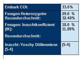 Inzuchtkoeffizient (IK)Der genomische IK wurde auf Basis der DNA, unter Berücksichtigung von 6 Generationen, berechnet. Je niedriger der COI-Wert, desto geringer der Inzuchtgrad.
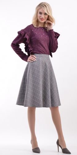 Джемпер из трикотажа прилегающего силуэта с круглым вырезом горловины, длинными рукавами, вертикальными воланами и разрезами по переду. Перед джемпера расшит жемчужными бусинами
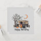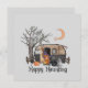 Denna utformning innehåller frasen "Lycklig Haunting" med en kamper-/släpvagn, en spooky häxa på en kyrkogård. Det är perfekt för ävententurous, camping-älskare, jakt-älskare i Halloween eller höst-/fallsäsong.
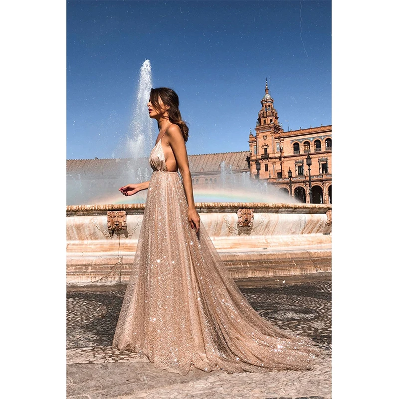 FREE SHIPPING Women Evening Dress Sexy Elegant Lace V-neck Backless Sleeveless Drawstring Ceremony Party Sequin Long Dresses JKP1555
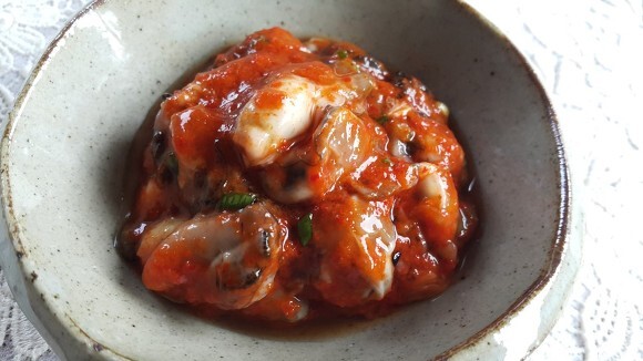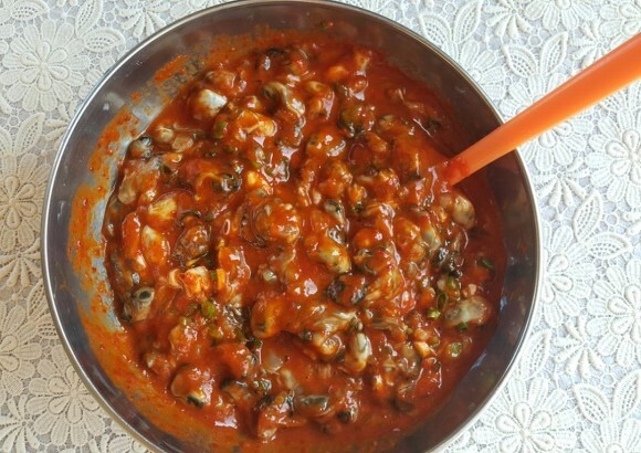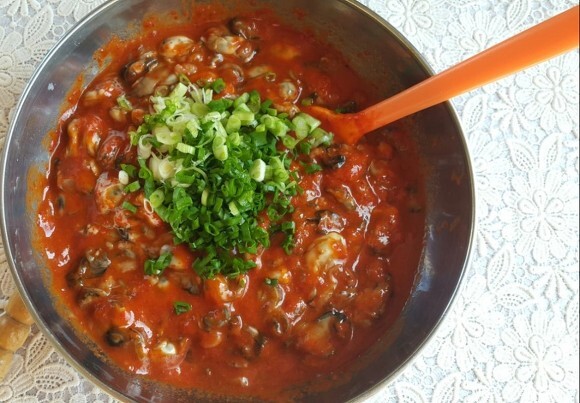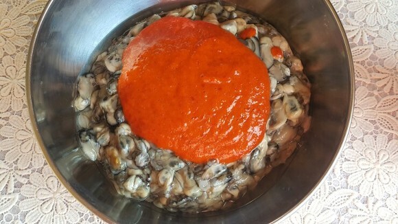 4. 물기를 뺀 굴에 양념을 넣어 살살 버무려 주기만 하면 맛있는 어리굴젓이 됨
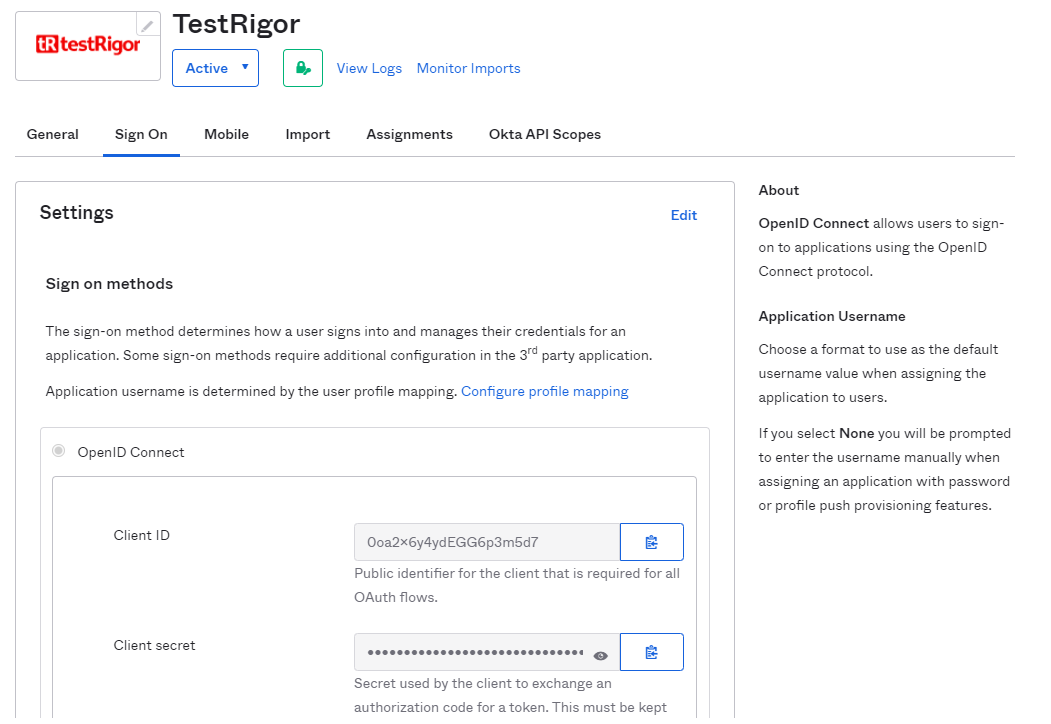 Note: These values allow testRigor to communicate with Okta. The Client ID is a public identifier for the client that is required for all OAuth/OIDC flows. The Client Secret is a private identifier which you should not share or broadly distribute. - Before leaving Okta, ensure you have given yourself and any other target users access to the testRigor application. You can do this by going to Applications > testRigor > Assignments tab and then assigning to either the target people or group.
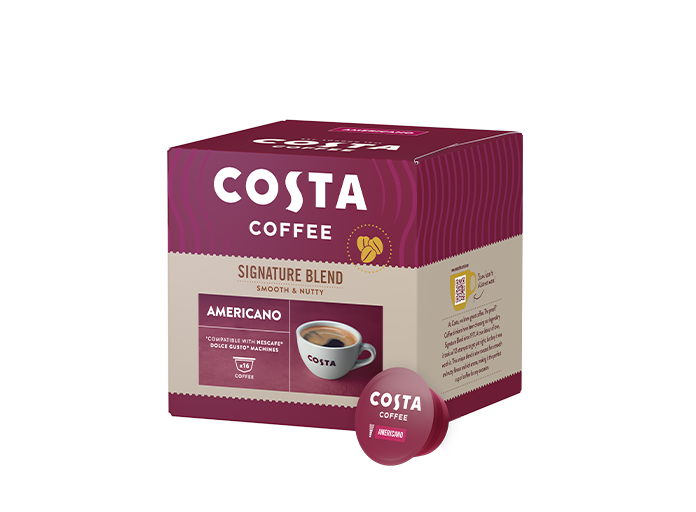 16 capsule premium Costa Coffee - Americano, compatibile cu aparatele Nescafe® Dolce Gusto®.
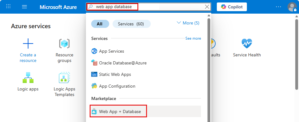 - Wählen Sie unter der Überschrift Marketplace das Element mit der Bezeichnung Web App + Datenbank aus. Sie können auch direkt zu "Web-App erstellen " navigieren.
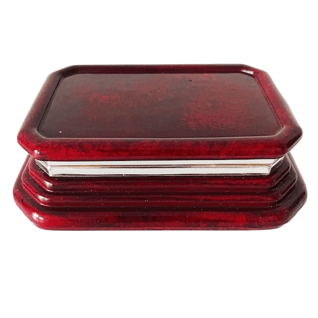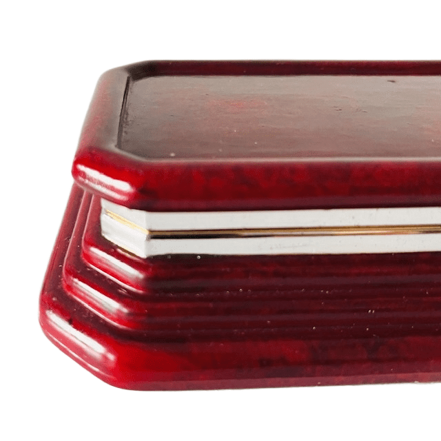Deze doos wordt vaak gebruikt als sieradendoos voor mannen. Het doosje heeft een prachtige kwaliteit rood gemarmerd leder en een goud verguld scharnieren deksel. Perfect voor de kaptafel van elke heer om manchetknopen, een horloge, dasspelden, muntjes etc. in op te bergen. Onderaan gemerkt met: Florence .design (zie foto). In zeer goede staat.
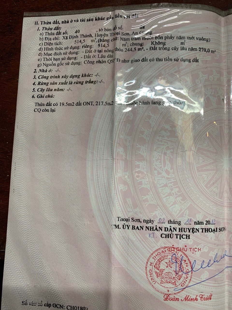 Thông tin khác: Chính chủ cần bán lô đất ở Xã Định Thành, Huyện Thoại Sơn, Tỉnh Anh Giang
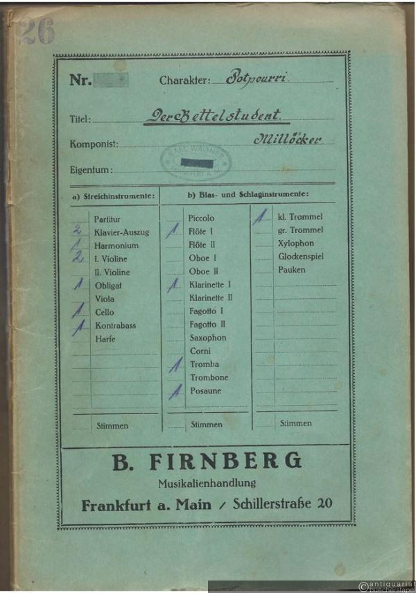 Potpourri aus der Operette "Der Bettelstudent" v. C. Millöcker (= Odeon No. 111 u. Salonorchester No. 344). 14 Stimmen.
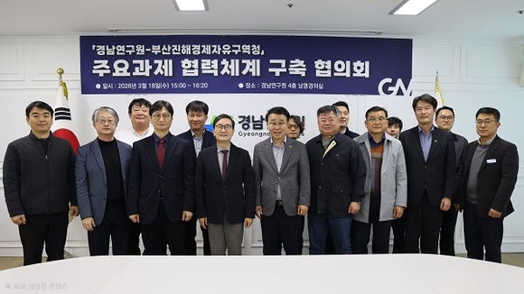 부산진해경제자유구역청이 지난 18일 경남연구원에서 'BJFEZ-경남연구원 주요과제 협력체계 구축 협의회'를 개최하고, 경남권 개발 전략과 연계한 주요 정책과제 협력 방안을 논의했다고 밝혔다.
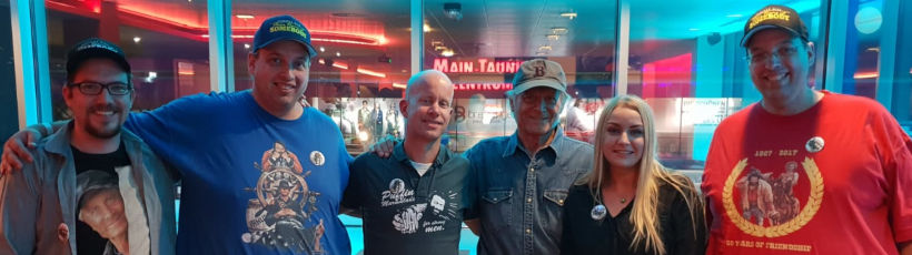 Bei unserer Ankunft im CineStar um 17:15 Uhr wartet nur eine bescheidene Gruppe Fans bereits vor dem Kino. Da es keinen roten Teppich gibt, bildet sich auch keine große Schlange. Zum Start der Vorstellung um 18:30 Uhr ist das Kino dann aber natürlich rappelvoll. Begleitet von Marcus Zölch betritt Terence Hill gut gelaunt die Bühne und berichtet von der Drehortsuche in Almeria und darüber wie er und Bud Spencer sich damals dort kennengelernt haben. Unter großem Applaus verlässt er den Saal schließlich wieder und der Film beginnt. Terence wiederholt seine Ansprache direkt im Anschluss im zweiten Saal und muss dann auch direkt weiter nach Sulzbach. Der Zeitplan am heutigen Abend ist sehr eng gesteckt.

—————

TASK PROMPT:
Repeat the material line for line. Pictures stay out of the copy.

EXERCISE RESPONSE:
 Inzuchtkoeffizient (IK)Der genomische IK wurde auf Basis der DNA, unter Berücksichtigung von 6 Generationen, berechnet. Je niedriger der COI-Wert, desto geringer der Inzuchtgrad.
 Джемпер из трикотажа прилегающего силуэта с круглым вырезом горловины, длинными рукавами, вертикальными воланами и разрезами по переду. Перед джемпера расшит жемчужными бусинами
 Denna utformning innehåller frasen "Lycklig Haunting" med en kamper-/släpvagn, en spooky häxa på en kyrkogård. Det är perfekt för ävententurous, camping-älskare, jakt-älskare i Halloween eller höst-/fallsäsong.
 FREE SHIPPING Women Evening Dress Sexy Elegant Lace V-neck Backless Sleeveless Drawstring Ceremony Party Sequin Long Dresses JKP1555
 4. 물기를 뺀 굴에 양념을 넣어 살살 버무려 주기만 하면 맛있는 어리굴젓이 됨
 Note: These values allow testRigor to communicate with Okta. The Client ID is a public identifier for the client that is required for all OAuth/OIDC flows. The Client Secret is a private identifier which you should not share or broadly distribute. - Before leaving Okta, ensure you have given yourself and any other target users access to the testRigor application. You can do this by going to Applications > testRigor > Assignments tab and then assigning to either the target people or group.
 16 capsule premium Costa Coffee - Americano, compatibile cu aparatele Nescafe® Dolce Gusto®.
 - Wählen Sie unter der Überschrift Marketplace das Element mit der Bezeichnung Web App + Datenbank aus. Sie können auch direkt zu "Web-App erstellen " navigieren.
Deze doos wordt vaak gebruikt als sieradendoos voor mannen. Het doosje heeft een prachtige kwaliteit rood gemarmerd leder en een goud verguld scharnieren deksel. Perfect voor de kaptafel van elke heer om manchetknopen, een horloge, dasspelden, muntjes etc. in op te bergen. Onderaan gemerkt met: Florence .design (zie foto). In zeer goede staat.
 Thông tin khác: Chính chủ cần bán lô đất ở Xã Định Thành, Huyện Thoại Sơn, Tỉnh Anh Giang
 Potpourri aus der Operette "Der Bettelstudent" v. C. Millöcker (= Odeon No. 111 u. Salonorchester No. 344). 14 Stimmen.
 부산진해경제자유구역청이 지난 18일 경남연구원에서 'BJFEZ-경남연구원 주요과제 협력체계 구축 협의회'를 개최하고, 경남권 개발 전략과 연계한 주요 정책과제 협력 방안을 논의했다고 밝혔다.
 Bei unserer Ankunft im CineStar um 17:15 Uhr wartet nur eine bescheidene Gruppe Fans bereits vor dem Kino. Da es keinen roten Teppich gibt, bildet sich auch keine große Schlange. Zum Start der Vorstellung um 18:30 Uhr ist das Kino dann aber natürlich rappelvoll. Begleitet von Marcus Zölch betritt Terence Hill gut gelaunt die Bühne und berichtet von der Drehortsuche in Almeria und darüber wie er und Bud Spencer sich damals dort kennengelernt haben. Unter großem Applaus verlässt er den Saal schließlich wieder und der Film beginnt. Terence wiederholt seine Ansprache direkt im Anschluss im zweiten Saal und muss dann auch direkt weiter nach Sulzbach. Der Zeitplan am heutigen Abend ist sehr eng gesteckt.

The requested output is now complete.